Suggestions on a way forward? I'm undecided.
Because of the cpu usage issue, I don't think we should default to using SQPOLL
even more taking into account that these cpu constrained containerized envs are a very typical way to deploy apps: it's no surprise so many reports have come from those kind of cases. OTOH, using a non-sqpoll ring without batching sqe's doesn't seem to give us any advantage as outlined before. Interestingly we do batch in the ctl
ring. So, if batching is out of question due to latency issues, I don't see much advantage of having io_uring at all (maybe we could keep io_uring w SQPOLL as an opt-in for the cases in which it may make sense).
Crazy idea: maybe we could run the iou
ring with sqe batching in a different thread thus avoiding the latency issues?
Ouch, those numbers are even worse than I expected. Okay, so sqpoll-less is off the table.
I'm fine in principle with changing io_uring to opt-in but I expect node users to start filing performance regressions if we do.
Interestingly we do batch in the ctl ring
Yes.

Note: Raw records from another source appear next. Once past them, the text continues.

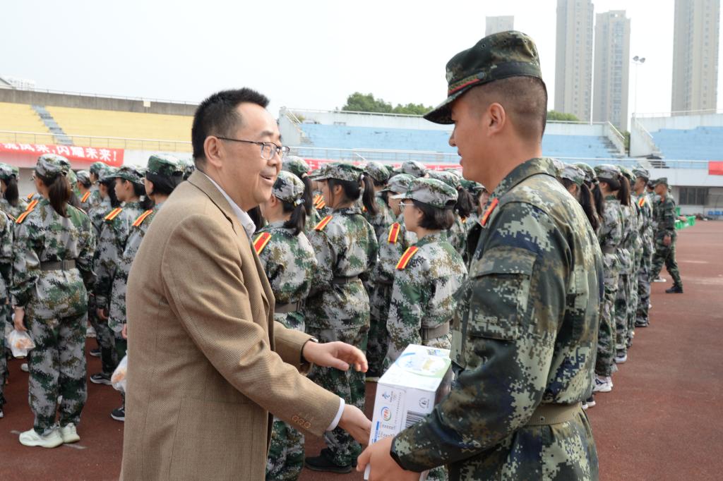 最后,到场的老师们为教官和每位同学送上慰问品。老师们悉心询问同学们的训练状况,对同学们的身体情况表示关心。同学们深切感受到学院领导的关心与挂念。希望同学们在未来的生活中继续发扬不畏艰难、吃苦耐劳、坚持不懈、勇争第一的精神,并在最后几天的训练中持之以恒,以饱满的精神和昂扬的斗志迎接最后的军训汇报表演。
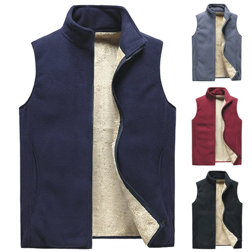 Men/Sherpa Lined Fleece Waistcoat Soft Gilet Full Zip Jacket Vest Top Coat Solid
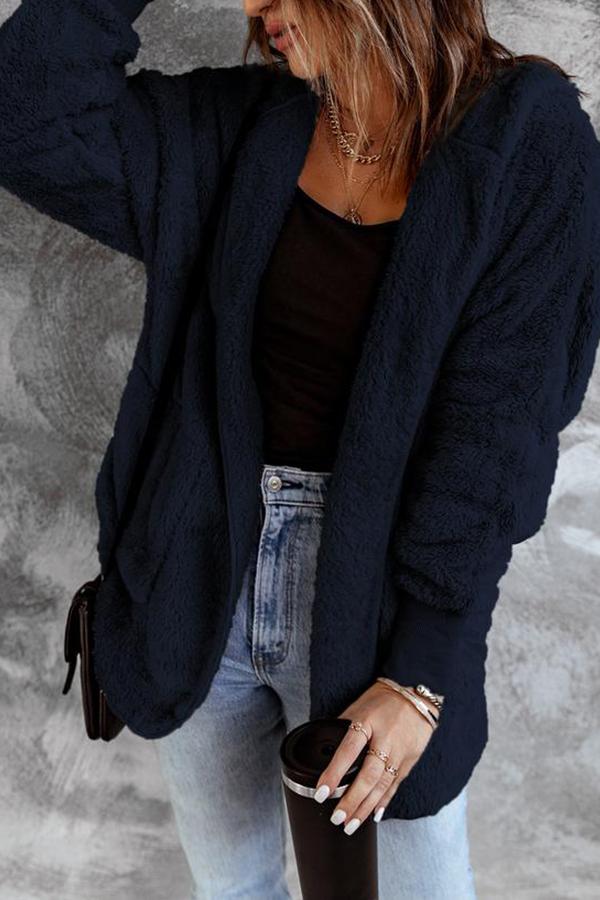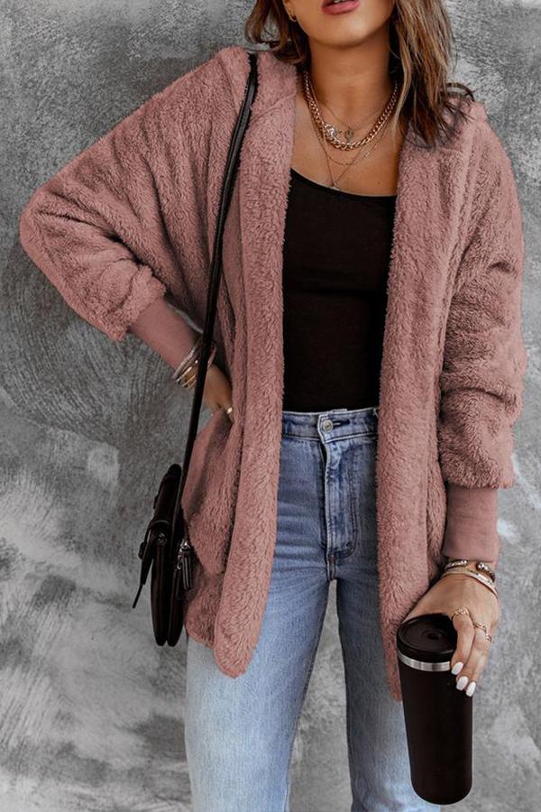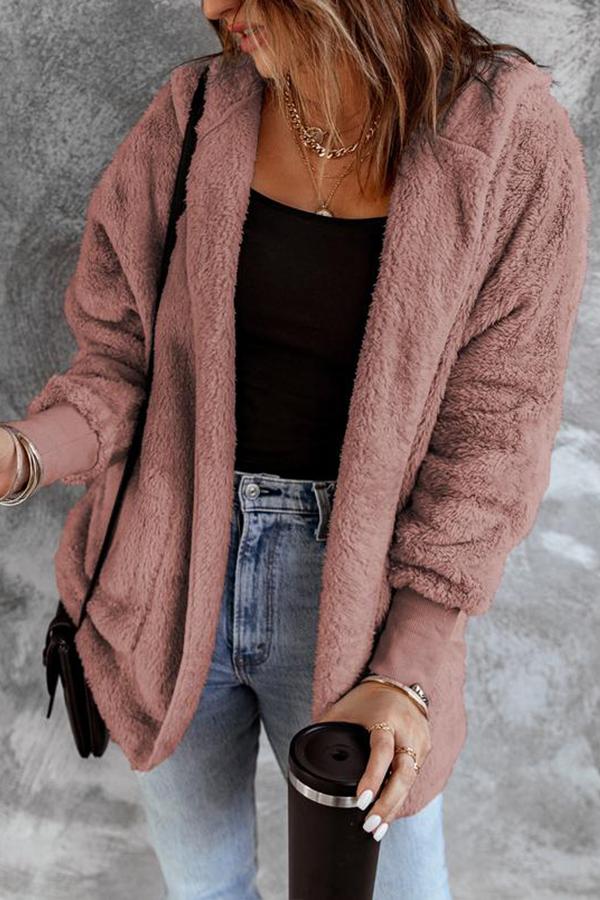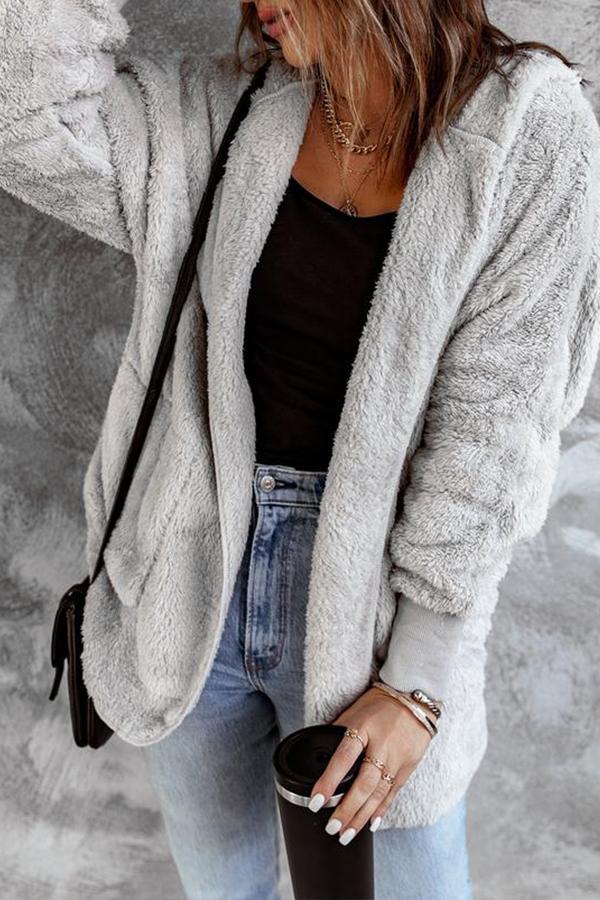 Soft Fleece Hooded Open Front Coat
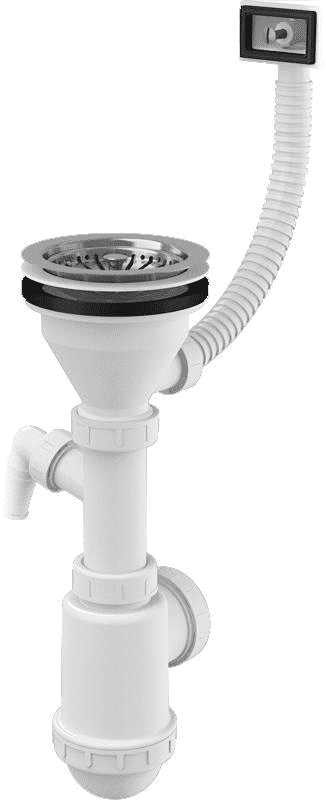 Сифон для мойки AlcaPlast с нержавеющей решеткой ?115 гофропереливом и подводкой A447P-DN50/40
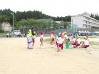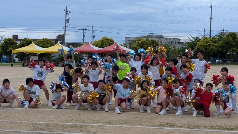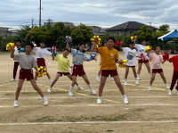 ダンスは、全校みんなで協力して取り組む種目の一つです。高学年は「スターマイン」、低学年は「APT」、全校でミセスグリーンアップルの「青と夏」をおどりました。ダンスは、いろんな種目の後半にあるので、みんな疲れていたけど、最後まで大きく、笑顔でおどっていました。
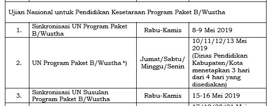 Jadwal Kegiatan USBN dan UNBK Paket C dan Paket B Tahun 2019 …
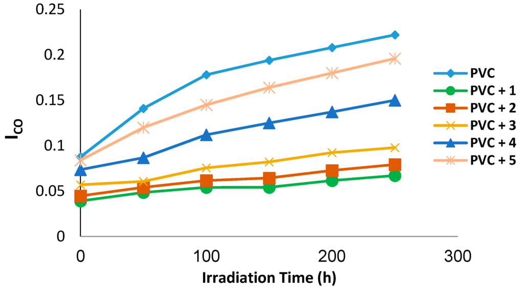 The relationship between the irradiation time (h) and carbonyl index (ICO) for PVC films (30 μm thickness) with Schiff’s bases 1–5 (0.5% by weight) as additives.
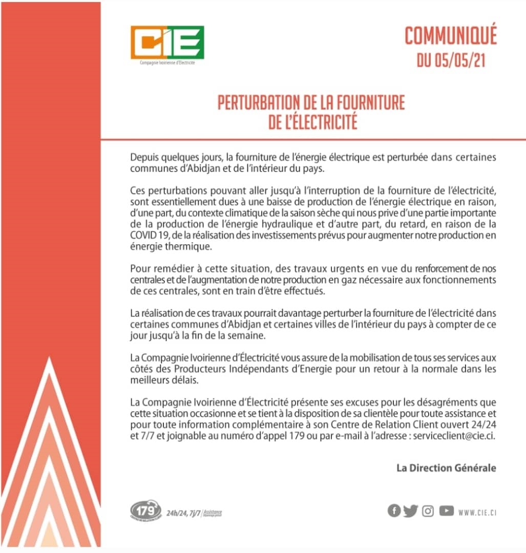 Coupures de courant : la part de vérité de la CIE !!! Feed back On 5 Mai 2021 0 Partager 0 Partager FacebookTwitterWhatsAppCourriel
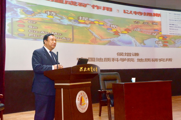 图为:beat365杰出校友侯增谦院士为师生作报告
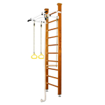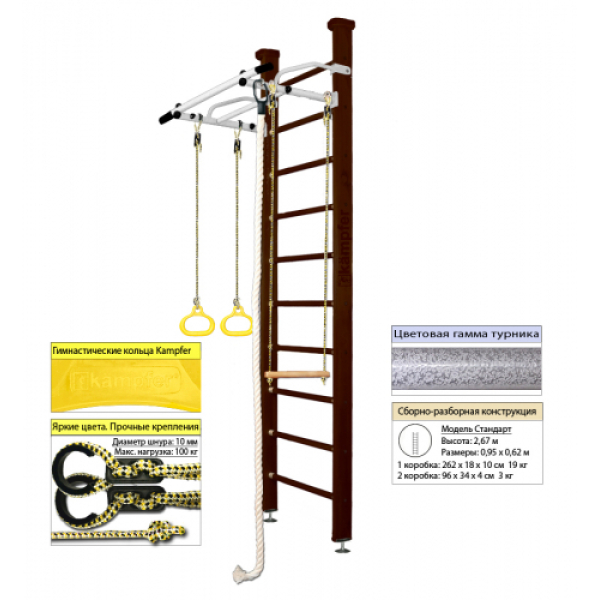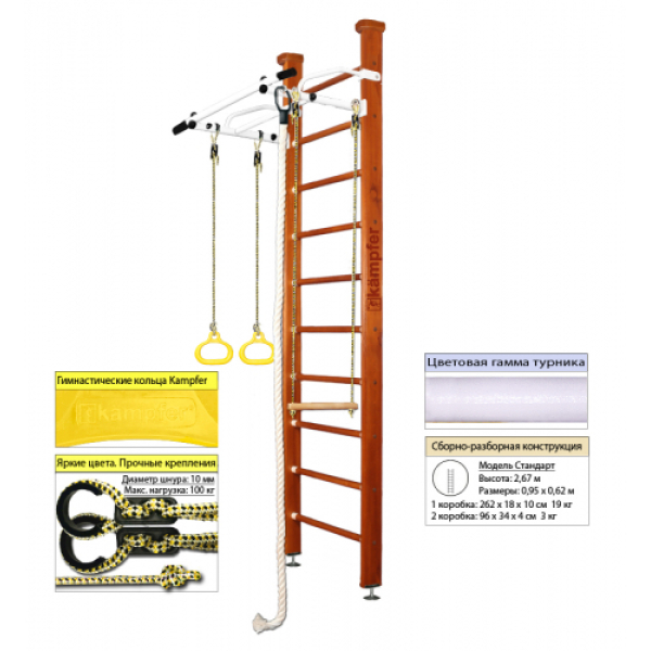 Конструкция выполнена из натурального дерева, все края деталей немного скруглены обеспечивая большую безопасность для ребенка. Крепление враспор между потолком и полом удобно тем, что подходит для любых стен, и комплекс можно передвигать с места на место. Но потолок не должен быть из хрупких материалов, таких как гипсокартон (навесные) и вагонка, для них лучше подойдут пристенные модели. Комплектация:
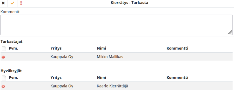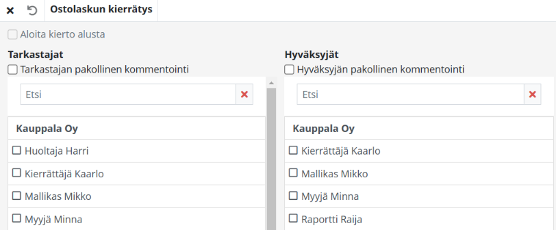 Mikäli kustannuspaikan tai toimittajan taakse on määritelty oletustarkastajia ja -hyväksyjiä, ovat he valittuna valmiiksi tässä ikkunassa. Tarkastajien ja hyväksyjien hakemista asiakkaan tai kustannuspaikan takaa voidaan säätää kierron asetuksissa.
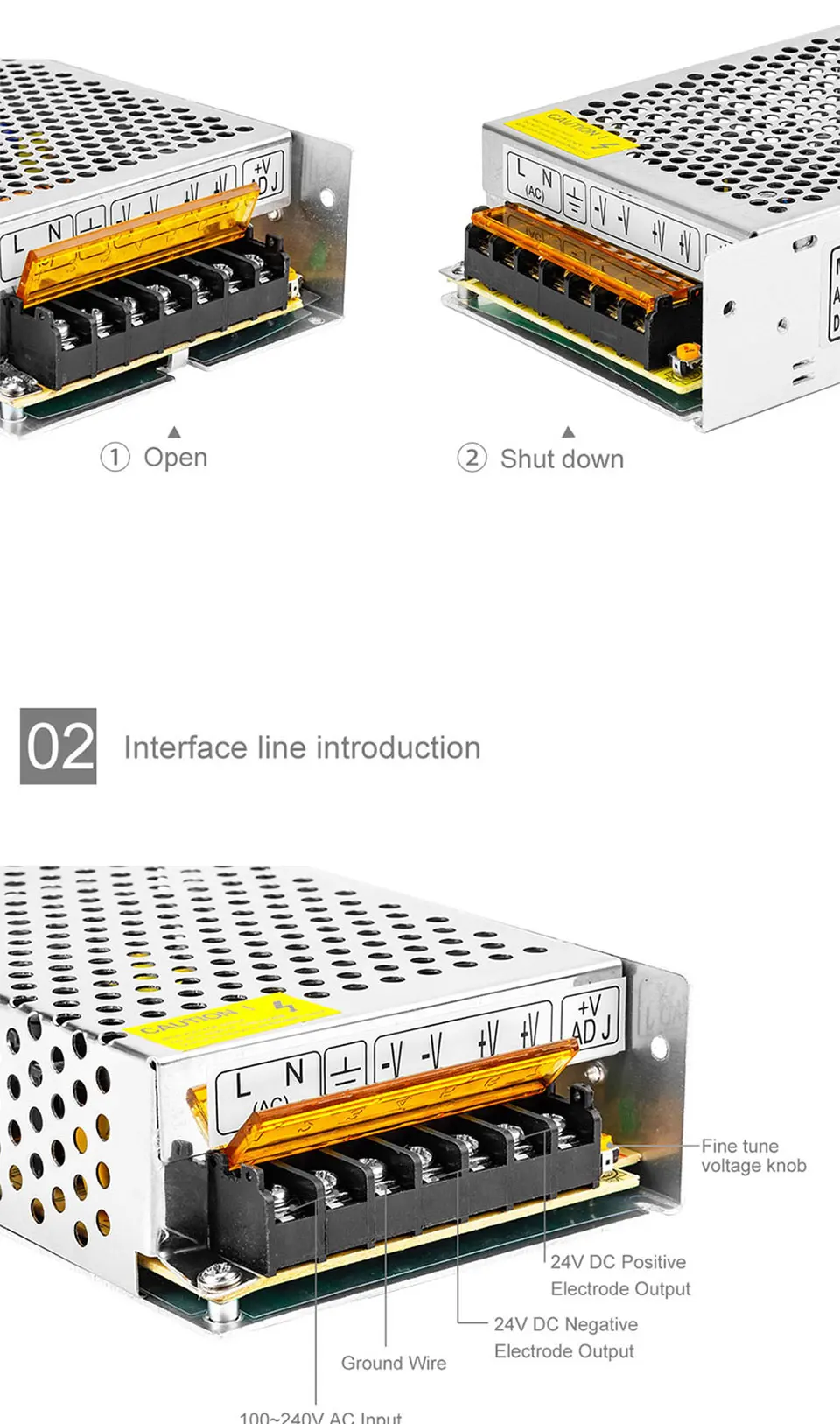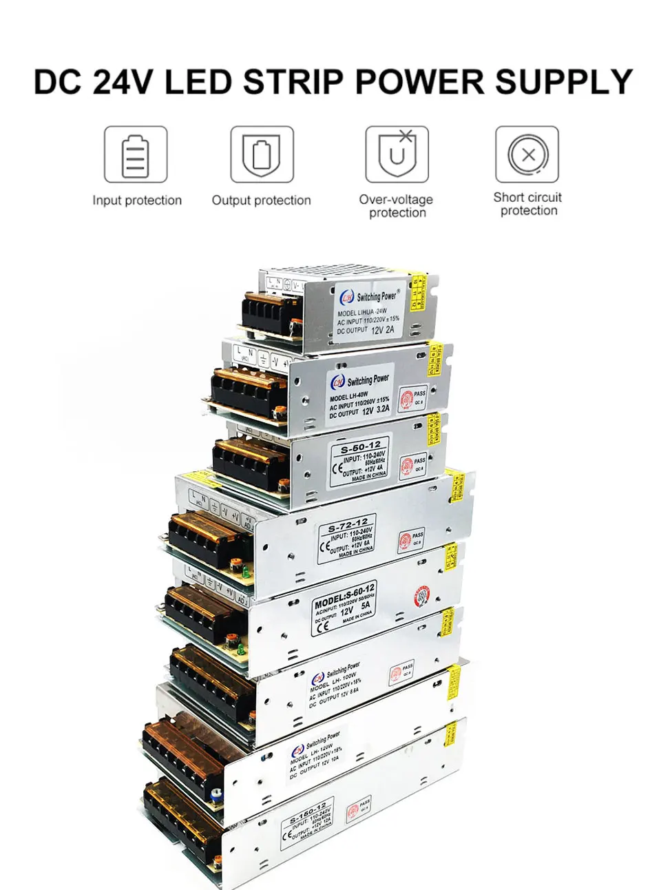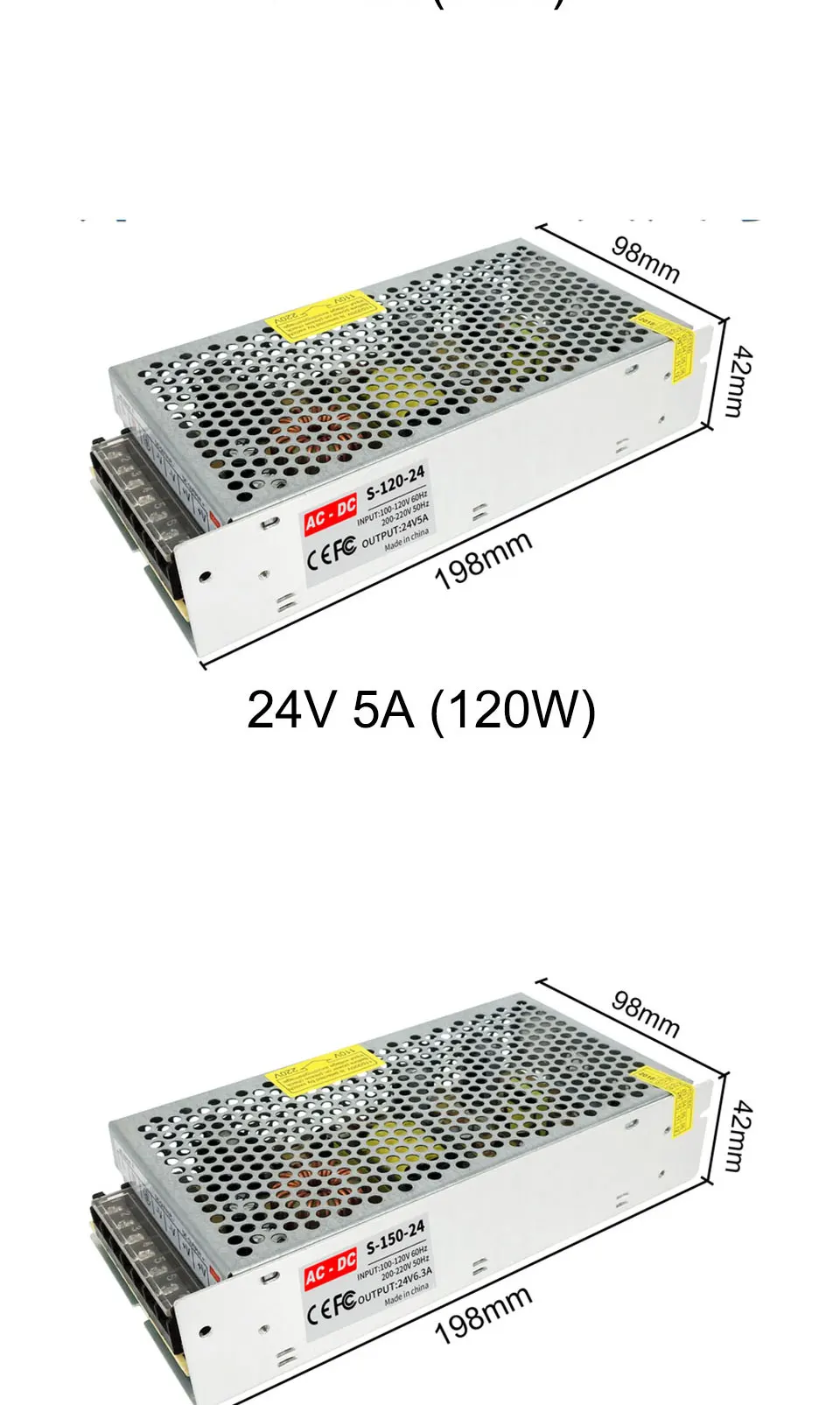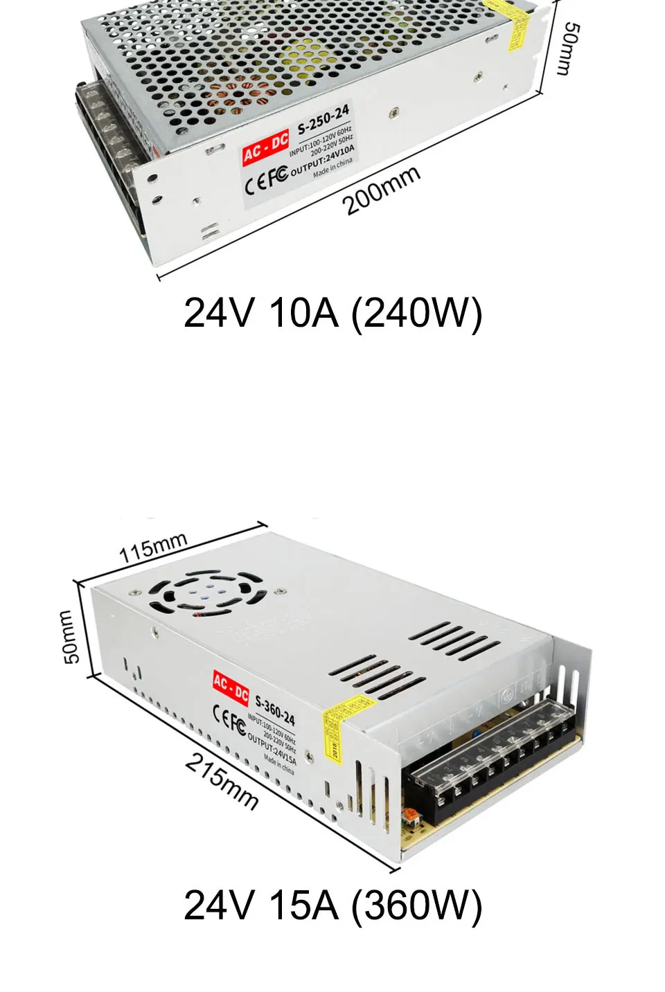 Входное напряжение: AC100V-265VВыходное напряжение: 24 В постоянного токаВыходной ток: 1а-15аМощность: 10 Вт-350 ВтМатериал корпуса: алюминиевый чехолРабочая температура: 0 ~ 40CТемпература хранения: -20 ~ 60CВлажность окружающей среды: 0 ~ 95% без конденсацииСоответствие безопасности: FCC / CE / Rohs
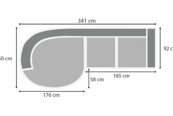 Loungebank Dordoni van het merk Be Inspired is snel leverbaar in de opstelling divan smal + 2 in de stof Tiffany 05. De Dordoni bank wordt standaard uitgevoerd met alle sierkussens en lendekussens die ook op de foto te zien zijn. De rugkussens daar achter zijn lekker hoog, deze combinatie zorgt voor een goede ondersteuning van de rug. Alle rugkussens zitten los en zijn omkeerbaar, de zitkussens zitten vast met klittenband. Het unieke aan de Dordoni is het ronde loungegedeelte. Je kunt hier lekker wegkruipen tussen alle sierkussens. Deze bank oogt ruimtelijk door de hoge metalen sledepoten.
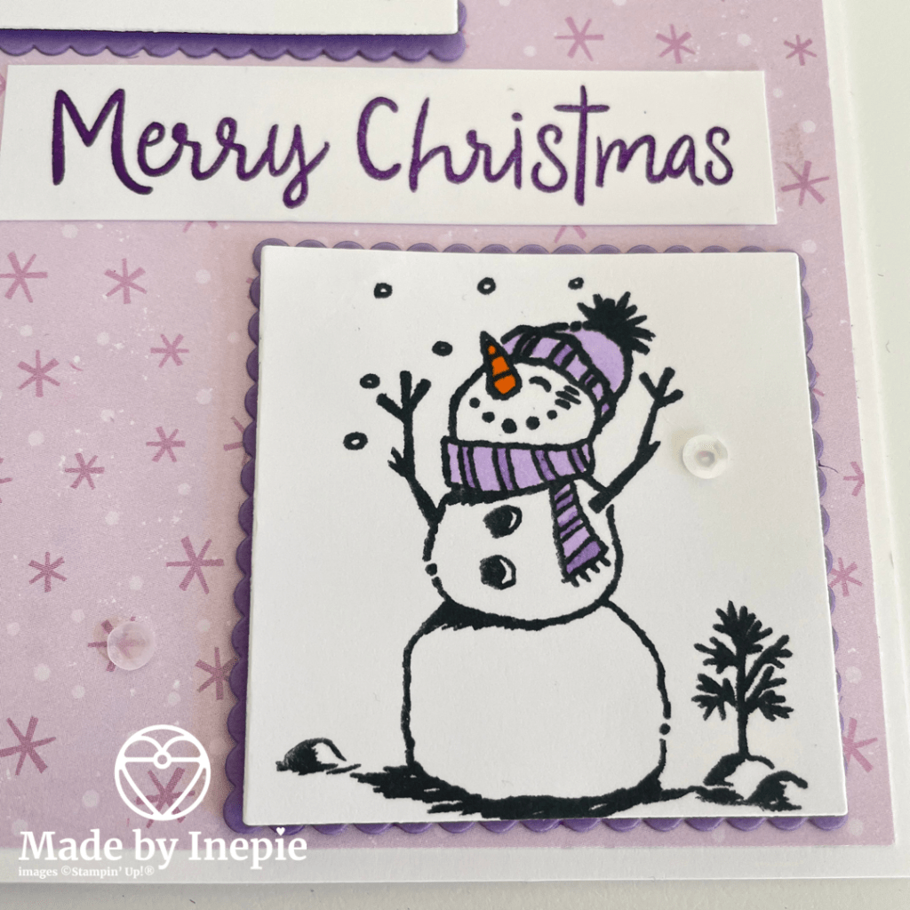 Deze keer de muts en das in gekleurd met de Highland Heather Stampin Blends ipv de Bermuda Bay Stampin Blends van het kaartje.

For epoll_ctl that doesn't make an observable difference (save for fewer system calls) as long as mutations are visible to the kernel before we call epoll_pwait.
File operations on the other hand should start as soon as possible. Every microsecond delay is additional latency.
Version: 1.46.0 Platform: Linux 5.10.186 #1 SMP Sat Jul 8 18:25:56 WEST 2023 i686 GNU/Linux
Hi, I had bind 9.18.16 compiled with libuv 1.44.2 working without any issues. After compiling and installing libuv 1.46.0, the named process was continuously using 100% CPU. I reverted to version 1.44.2 resuming normality. I reproduced it twice with the same results. So it doesn't seem like the problem is with bind itself. Thx.